Furthermore, it is important to note that this letter was not only written by Lombardi, but signed by McAteer. McAteer testified at trial that he signed the letter to "acknowledge receipt" but that he "understood [he] was not to hold it in accord with what [the letter] said." He contends that his understanding is supported by the language in the letter: "Please sign a copy of this letter acknowledging its receipt and also receipt of the escrow funds." However, on the evidence before it, the Court does not find persuasive McAteer's assertion that he signed the letter merely to acknowledge receipt yet did not bother to indicate clearly, either verbally or in writing, that he was contesting the contents. McAteer testified that he did not inform Lombardi that he would not serve as an escrow agent. He stated that, in fact, he did not "[exchange] four words with [Lombardi] that day." Lombardi confirmed this testimony, stating that McAteer never contacted him regarding the letter, and never indicated that the terms outlined in the letter mischaracterized the Agreement in any way.
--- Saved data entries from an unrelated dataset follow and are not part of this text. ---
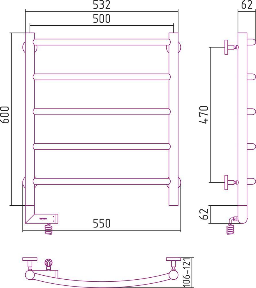 Электрический полотенцесушитель Сунержа Галант 2.0 600x500 мм, 5 перекладин. Мощность 300 Вт, цвет чёрный матовый. Возможна установка модуля скрытого подключения.
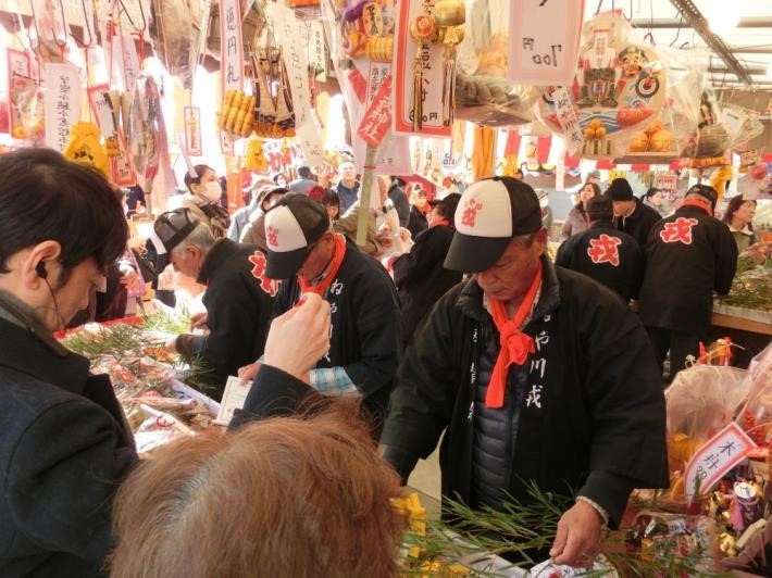 市外・府外の方々も参拝し、その数は 10 万人を超え、神社を代表する行事となっている。これまでも地域の方々が参加していたが、2024 年の「ねや川戎大祭」には 神社近くに位置する、障がい者就労支援施設「アンサンブル」の方々が奉仕する!「アンサンブル」の方々は「戎っさん」に欠かせない “福笹”に 千両箱や鯛など縁起物付けなど、祭りの準備に奉仕する。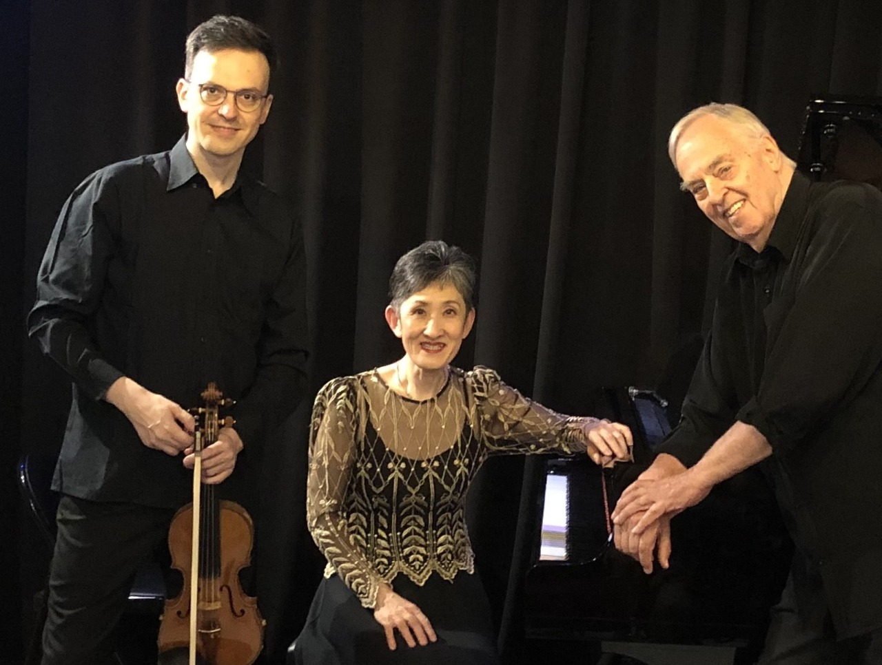 Omiros and Eri didn’t have this challenge, but I noticed that the lid of the Yamaha piano had been partially closed, producing a more satisfying instrumental balance. The Franck sonata begins with a lilting melody from the violin played expressively by Omiros and a chordal accompaniment played with sensitivity by Eri. This melody forms the basis of the entire movement and Eri performed the virtuosic and rhapsodic piano part with confident aplomb. The movement displayed excellent ensemble playing with some remarkably beautiful moments.

Finally, the Court is shocked by McAteer's candid admission that he did "not entirely" understand the contents of the December 11, 1998 letter, and that he has "learned more about escrow agreements since then." McAteer never communicated this confusion to Lombardi, and made no apparent attempt to clarify his understanding of escrow agreements prior to signing the letter. Therefore, the Court finds that McAteer's signature is evidence that he was accepting the letter as an affirmation of the parties' understanding, rather than merely acknowledging its receipt.

As stated above, McAteer testified that, based on his conversations and correspondence with Gaudet, he understood that the money was to be available immediately. Gaudet's deposition testimony on the matter, however, was somewhat disjointed and unclear on this point:

"Q: And that twenty thousand was put in an escrow account in the name of your attorney, Sean McAteer?

"A: I presume it was put in an escrow account to be held by that attorney.

". . .

"Q: So it was your intention that the money be held in his client account and not in his escrow account; is that correct?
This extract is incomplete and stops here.